Let JSON object accept bytes or let urlopen output strings

156,376

Solution 1

HTTP sends bytes. If the resource in question is text, the character encoding is normally specified, either by the Content-Type HTTP header or by another mechanism (an RFC, HTML meta http-equiv,...).

urllib should know how to encode the bytes to a string, but it's too naïve—it's a horribly underpowered and un-Pythonic library.

Dive Into Python 3 provides an overview about the situation.
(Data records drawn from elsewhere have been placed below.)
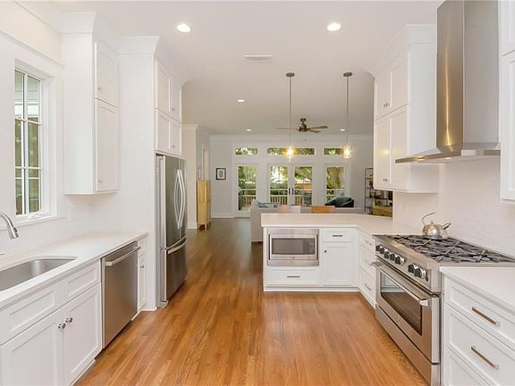 Spectacular 2 year old custom built home in Old Dauphin Way! Built by Stewart and Whatley Builders, one of Mobile's premier contractors, the buyers and builder successfully designed a home that is architecturally perfect for the neighborhood. It has all the bells and whistles offered in a new home, but is loaded with the charm and detail found in an older home. Inside you will find high ceilings, authentic craftsman-style trim, sand and finish hardwood flooring, custom cabinetry, quartz counters in the kitchen and bathrooms, top of the line stainless appliances (two ovens-one gas and one electric, 6 burner range, built-in microwave, dishwasher, refrigerator), walk-in pantry, designer lighting, and gas fireplace. You will love the open kitchen, living and dining areas that offer fabulous views of double lot which is filled with magnificent Oak trees. The master suite is on the main level, and boasts a beautiful spa-like bathroom. There are dual sinks, oversize shower with double shower head, and exquisite finishes. The master closet is very spacious, with walls bolted to the foundation and lined with plywood (could be considered a tornado closet). For convenience, there's a pass through from the closet to the laundry room. An office is connected to the master bedroom which also opens to the front entry hall. Two more bedrooms and a full bath are located on the main level, along with the living room, family room, dining room, laundry room, and mud room. The master bedroom and the other two bedrooms are a split plan. There are two additional bedrooms upstairs plus a full bath. One of the upstairs bedrooms is open to a sitting area creating a very large space, ideal as a bedroom or bonus room. Other special features include high efficiency Marvin casement windows throughout the home, all solid core doors, energy-efficient LED lighting, fans operated by remote control, entire home insulated with cellulose insulation, tankless hot water heater, 2 HVAC units, gutters, dog nook in back hall, oversize deck, fenced yard, and an attached double garage. The house has multiple "smart home" features, and the mudroom closet near the back door is plumbed for a half bath. Call now for complete details regarding the construction of this "must see" property. Listing company makes no representation as to accuracy of square footage.
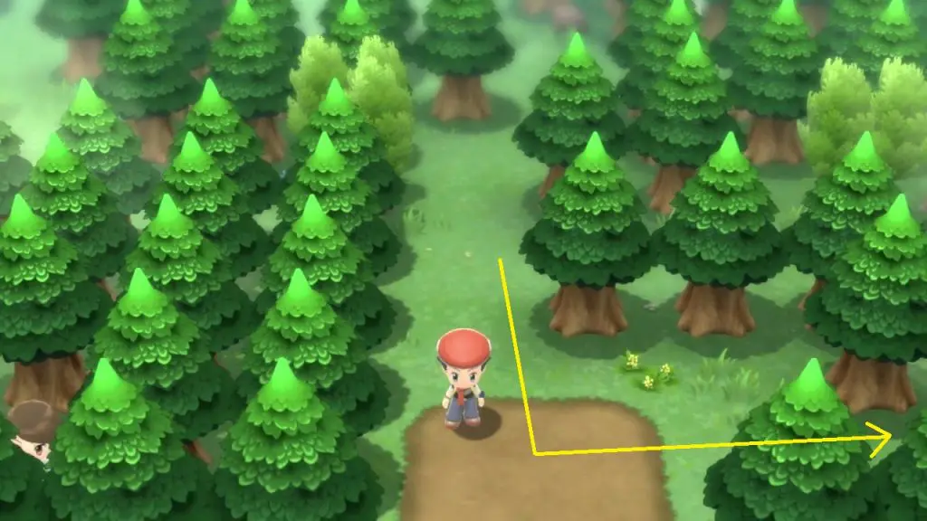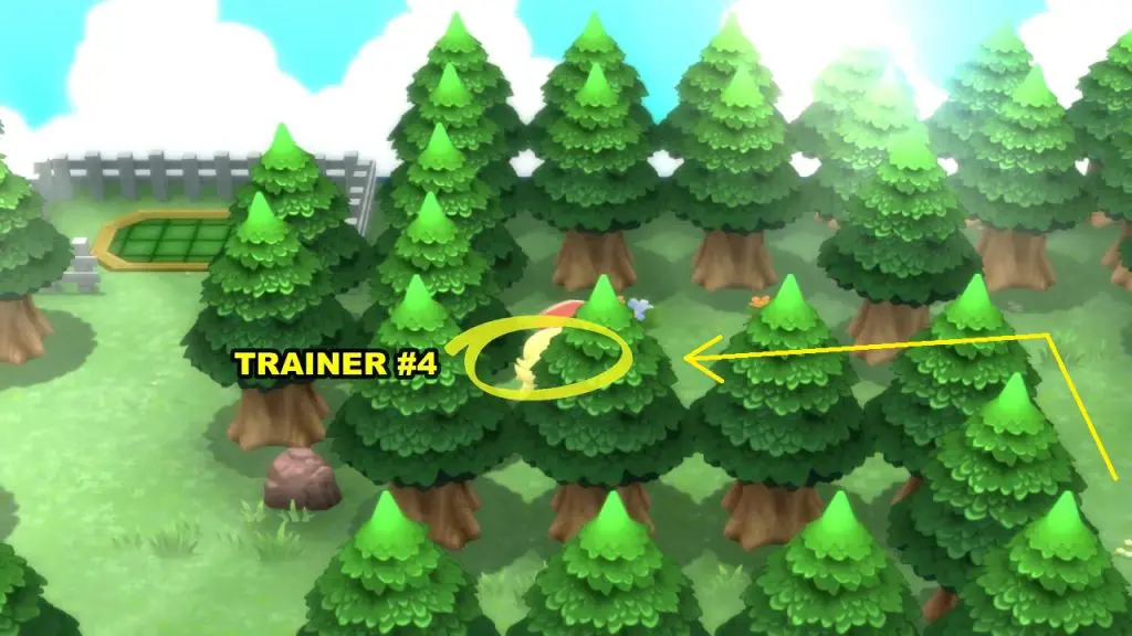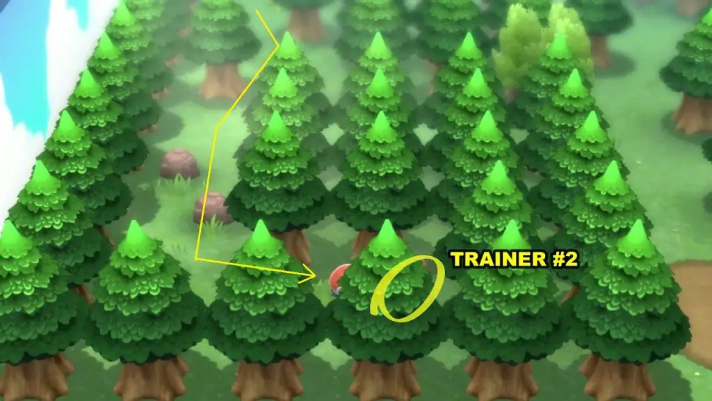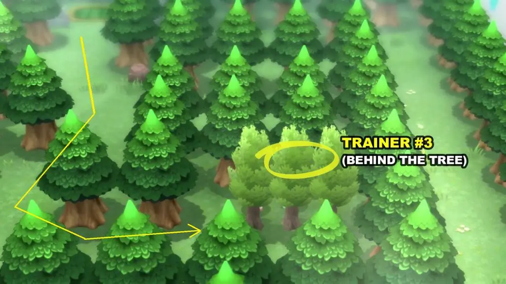 After defeating Trainer 1, proceed to the southwest side. Go to the end of the path, where you will find the trainer behind some trees as shown below.
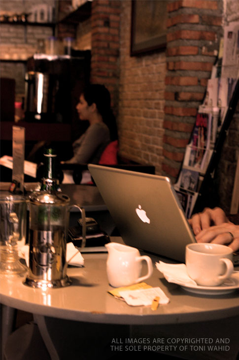 Saya melihat pengunjung datang silih berganti, sebagian memesan take away, selebihnya memilih untuk dinikmati di dalam cafe yang suasanya memang cozy ini. Beberapa orang asyik dengan pertemuan dengan rekan bisnisnya, sebagian tenggelam dengan komputer jinjing tentu dengan segelas kopi di meja masing2.
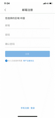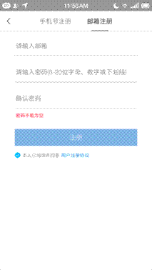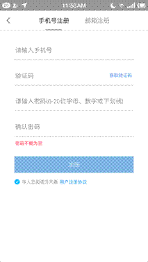 点击首页右下角的“我的”,再点击“登录”即可进入注册页面,通过手机和邮箱两种方式完成注册(如图2-1、图2-2所示)。

Your "work-around" is fine—although it feels wrong, it's the correct way to do it.

Solution 2

Python’s wonderful standard library to the rescue…

import codecs

reader = codecs.getreader("utf-8")
obj = json.load(reader(response))

Works with both py2 and py3.

Docs: Python 2, Python3

Solution 3

I have come to opinion that the question is the best answer :)

import json
from urllib.request import urlopen

response = urlopen("site.com/api/foo/bar").read().decode('utf8')
obj = json.loads(response)

Solution 4

For anyone else trying to solve this using the requests library:

import json
import requests

r = requests.get('http://localhost/index.json')
r.raise_for_status()
# works for Python2 and Python3
json.loads(r.content.decode('utf-8'))

Solution 5

This one works for me, I used 'request' library with json() check out the doc in requests for humans

import requests

url = 'here goes your url'

obj = requests.get(url).json()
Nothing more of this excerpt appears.